Practical Proposals to Improve the Situation
In practical terms our platform includes the following policies that need to be implemented immediately:
- 1) Substantially increase the budget share of the municipality to be directed to East Jerusalem. Palestinian residents comprise almost 40% of the city’s population, yet the investment of public budget in East Jerusalem barely rises above a 10% threshold. An increase in investment can help to close the huge infrastructural gap (both physical and social) that has been deliberately widened since 1967 as part of the policy of making life unbearable for Palestinians in Jerusalem;
- 2) Recognize the legitimacy of the Palestinian presence in the city. Completely and unequivocally stop the policies and practices aiming at expelling Palestinians from Jerusalem, either by revoking their residency status, denying permits for urban development and destroying the structures built despite the refuse of permits, artificially inflating Arnona debts, and so on and so forth;
- 3) Stop the harassment and persecution of all Palestinian leadership in the city — political, religious and community leadership. Jerusalemite Palestinians have the right to organize themselves, to represent their own people and to work towards improving their livelihood. It is not up to Israel, its security forces or its municipal administration to decide who speaks on behalf of Palestinian Jerusalemites;
- 4) Completely cease the policy of seizing houses in East Jerusalem neighborhoods and establishing new settlements there. Such settlement efforts are aimed at radically transforming the Palestinian character of the neighborhoods and making it impossible to reach any diplomatic solution on the division of the city according to the Clinton parameters.

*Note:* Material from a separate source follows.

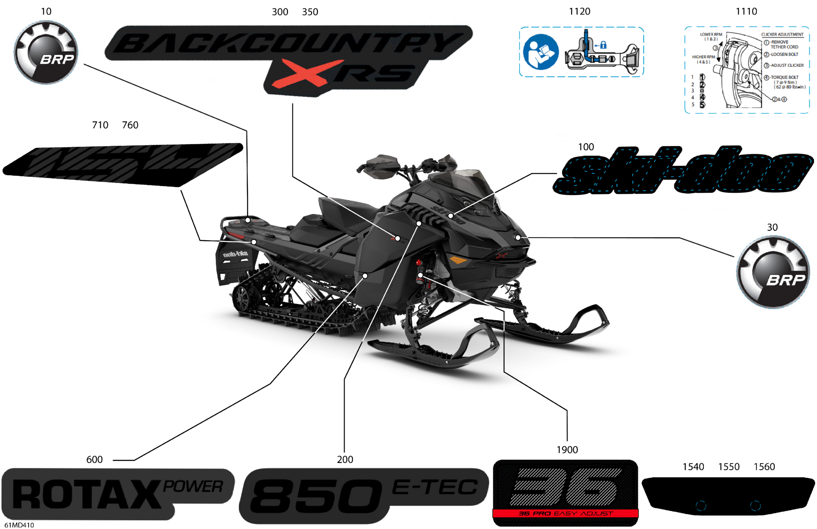 Ski-Doo North America - BACKCOUNTRY 850 E-TEC - X-RS - UZRL - Deep Black - 154X16X2.0P Track, 2024 07- Body - Decals Diagram

- 5) Fully respect the Holy Places for all religions in the city, especially the Temple Mount/Haram al-Sharif. Return to the status quo in which had existed until the year 2000 and the roles of the Waqf, the Hashemite Kingdom of Jordan and all other partners in maintaining the balance in such a sensitive place.
- 6) Oppose all and any unilateral initiatives to create facts on the ground that will negatively affect the future of Jerusalem and all its residents. Such initiatives — be they construction plans or transport infrastructures — are clear examples of institutional violence that creates in turn violent reactions that are used then as excuses for increasing the repression against the population.

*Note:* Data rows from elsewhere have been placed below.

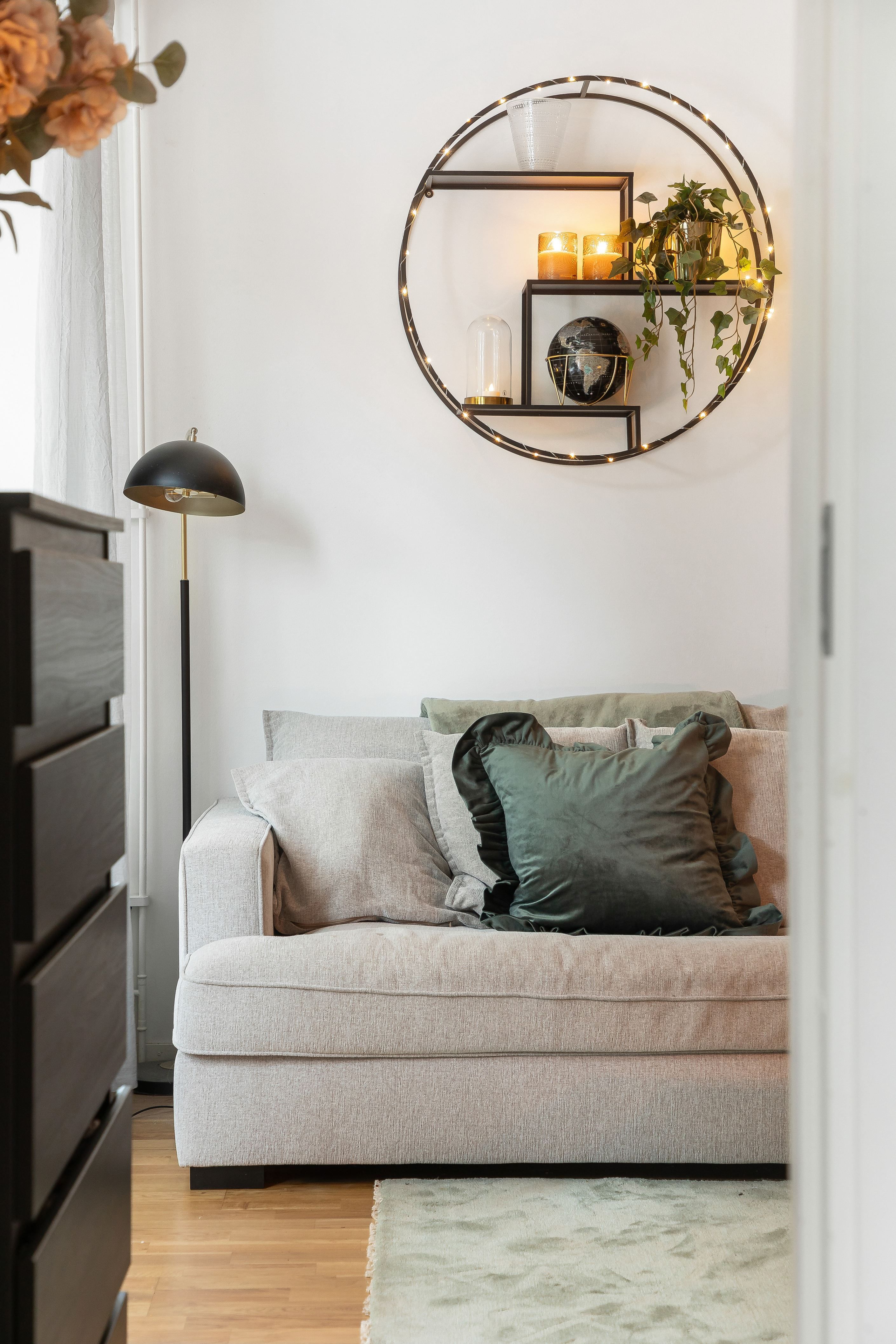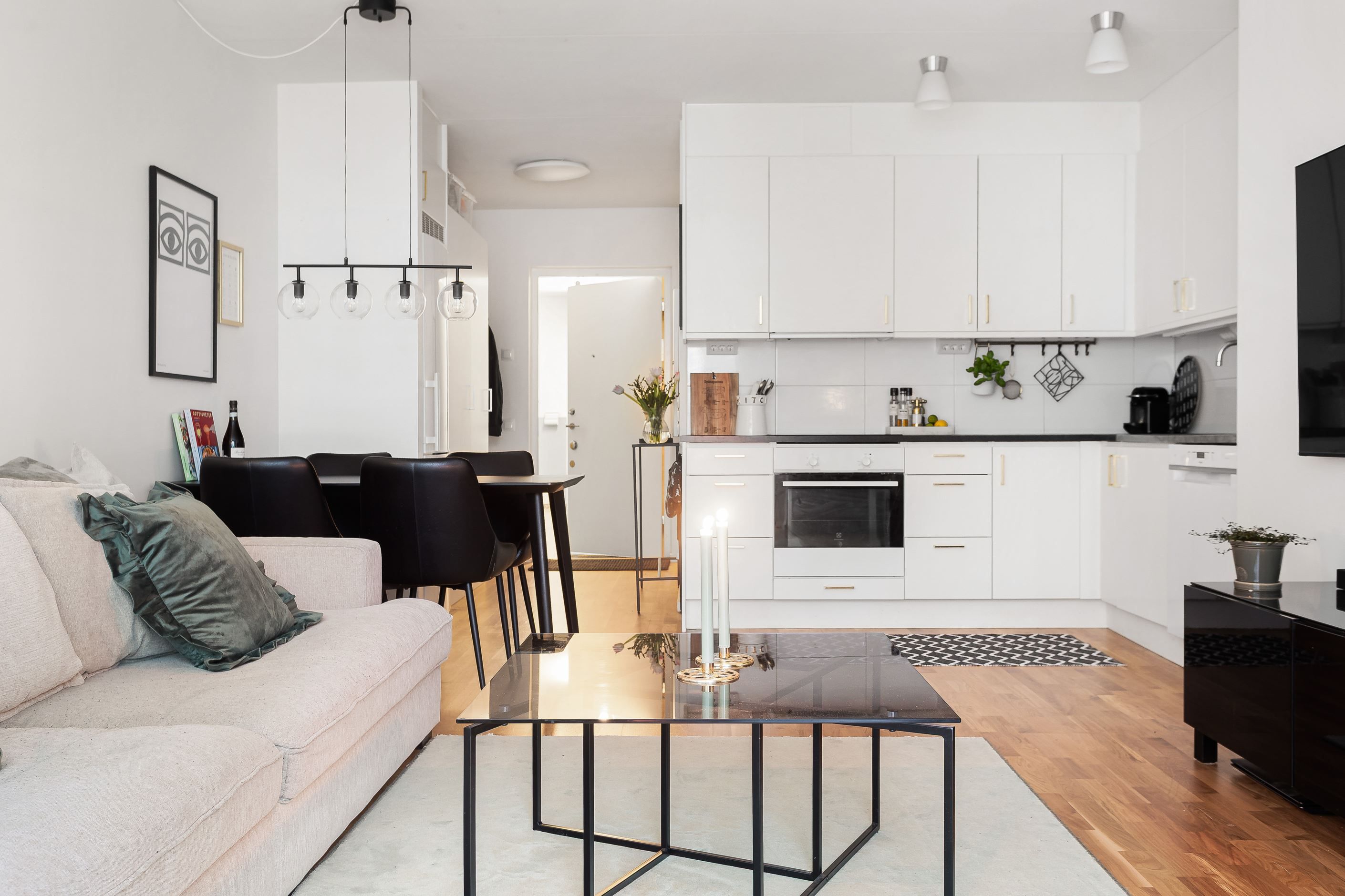 Den smart planerade planlösningen ger en skön balans mellan sällskapsytor och privata rum. Vardagsrummet är ljust och rymligt med plats för både soffgrupp och matbord, och har direkt utgång till den stora balkongen med utsikt över allmänningen. Köket är trivsamt med gott om förvaring och arbetsytor. Sovrummet är rofyllt med plats för dubbelsäng och garderober, och badrummet är fräscht och funktionellt.
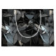 Overlapping 3D panels create a inter-dimensional vibe, in black and white.
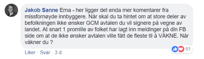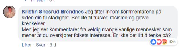 – Jeg titter innom kommentarene på siden din til stadighet. Ser lite til trusler, rasisme og grove krenkelser. Men jeg ser kommentarer fra veldig mange vanlige mennesker som mener at du overkjører folkets interesse. Er ikke det litt å tenke på, spør en person.
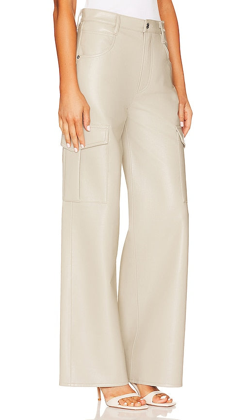 AGOLDE Recycled Leather Minka Cargo in Beige. - size 33 (also in 34) AGOLDE Recycled Leather Minka Cargo in Beige. - size 33 (also in 34) 50% recycled leather 30% polyurethane 10% viscose 10% polyester. Made in USA. Dry clean only. Zip fly with button closure. 7-pocket styling. Smooth leather fabric. 20 at the knee breaks to 21 at the leg opening. AGOL-WP37. A9113-1285. Based in downtown Los Angeles, AGOLDE is a premium denim label dedicated to highlighting youth culture throughout the decades. Instead of simply replicating your favorite styles from the past, they set out to recreate them with a contemporary approach in mind. The styles may emit an irreverent attitude, but AGOLDE is serious when it comes to quality. They use only the most innovative fabrics sourced from around the world and facilitate all product development to create denim of the highest caliber. Shop the latest in fashion from AGOLDE

We are committed to achieving these goals and we are aware that doing so will require both sides to deal with painful and complex issues. We have already begun a mutually challenging deliberation process between us and some of the Jerusalemite Palestinian leaders. But real transformation will not be realized without radically changing the power relations, and especially the current abuse of power; otherwise, Jerusalem will continue to be a failed city instead of the vibrant, multicultural and multifaceted urban metropolis it should be.
The Choice before Us
Although, as mentioned, there are three distinctive political paths towards the future of the city, the fundamental choice before us is clear. We either continue with the various attempts to unilaterally impose one-sided, Israeli interests as both the right-wing and the center propose despite the apparent contradiction in their programs, or, we build a city in which all citizens live in equality, in welfare, in freedom and in security — not just a fake “coexistence” but a real joint existence of two peoples that love the city and are not going anywhere else.